C’est par la culture, par l’éducation et aussi par l’ambition que les jeunes Français issus de l’immigration ont des chances de trouver une place dans ce pays dont l’histoire est marquée par le passé colonial, par la guerre d’Algérie et par la perte d’un empire arrogant. La France a mal dans ce passé. En ce moment, elle connaît des difficultés dans plusieurs domaines et risque de prendre la pente du déclin, culturel, civilisationnel. Les interventions racistes d’un Eric Zemmour trouvent un large écho dans cette France du repli, de la peur et du pessimisme. L’islam est un élément parmi d’autres pour exprimer cette violence sociale. Il faut bien un bouc émissaire.
Dans d’autres pays européens, des musulmans sont arrivés à des postes politiques importants, notamment au Pays Bas. L’extrême petite minorité des musulmans qui parvient, avec pas mal de difficultés, à se faire une place sous le rare soleil français est souvent désemparée. Elle ne sait plus comment concilier l’identité d’origine et l’identité du sol où elle est née.

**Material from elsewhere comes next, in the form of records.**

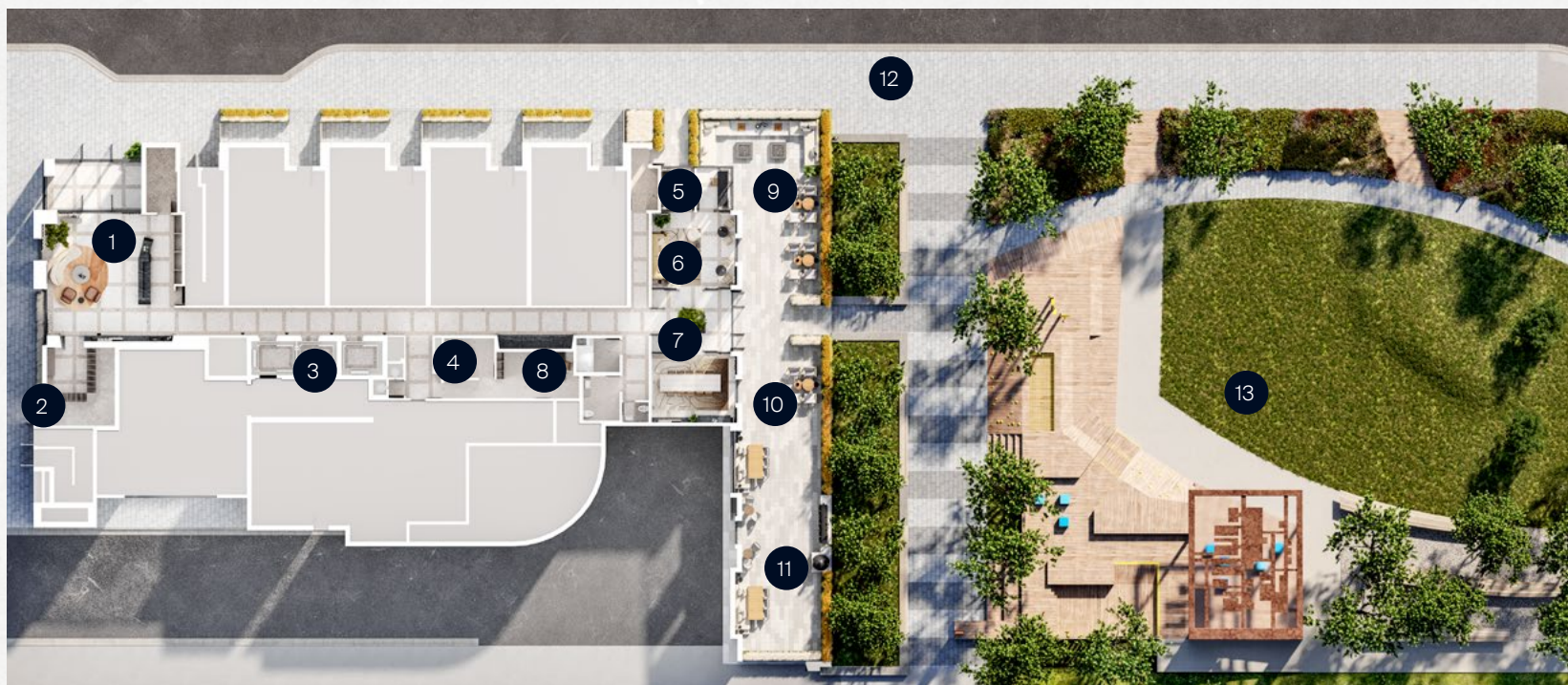
ILLUSTRATION IS ARTIST'S CONCEPT. E. & O.E.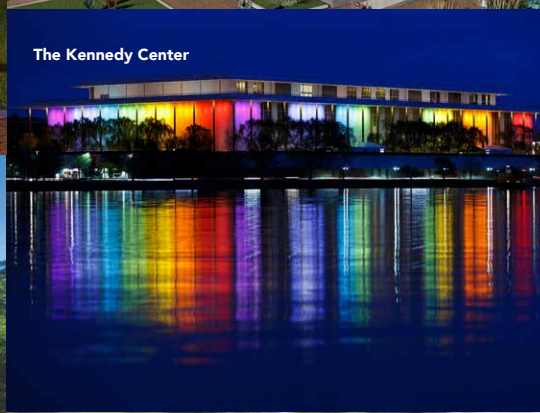
The Kennedy Center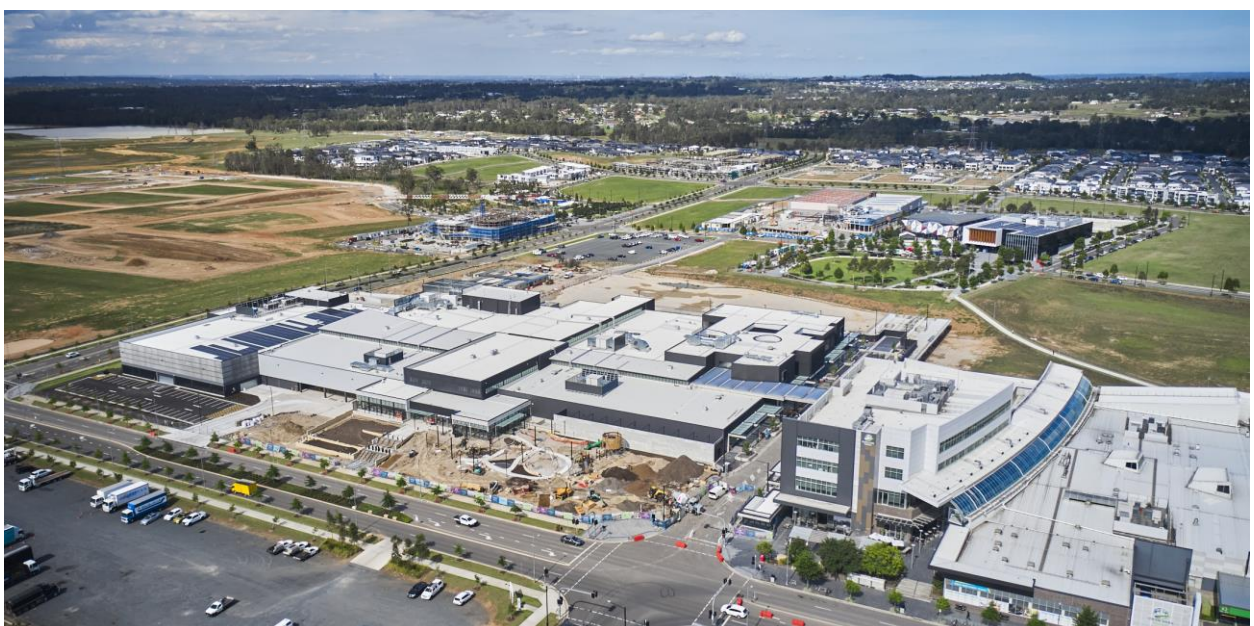
Aerial image of Podium Shopping Centre

Lorsque le roman de science fiction «Soumission» de Michel Houellebecq est paru en 2015, la presse et le grand public lui firent un triomphe. Il raconte l’histoire d’un musulman devenu président de la République. Son immense succès de librairie a été assuré par la peur et la haine de l’islam. Il y a quelques semaines, Canal plus a diffusé une série, «Les Sauvages», où il est question d’un Maghrébin (joué par le Franco-Marocain Roshdy Zem) élu président de la France. Un gamin d’origine maghrébine manipulé par une secte d’extrême-droite, tente de l’assassiner dès le début de l’histoire.
Le paysage politique français a fait de l’islam une menace. Et ça marche! Pour inverser cette tendance malheureuse et dangereuse, il faudra beaucoup d’imagination, de travail sur le terrain et de volonté forte et déterminée. Pour le moment, la population musulmane reçoit des coups et observe le silence. Jusqu’à quand?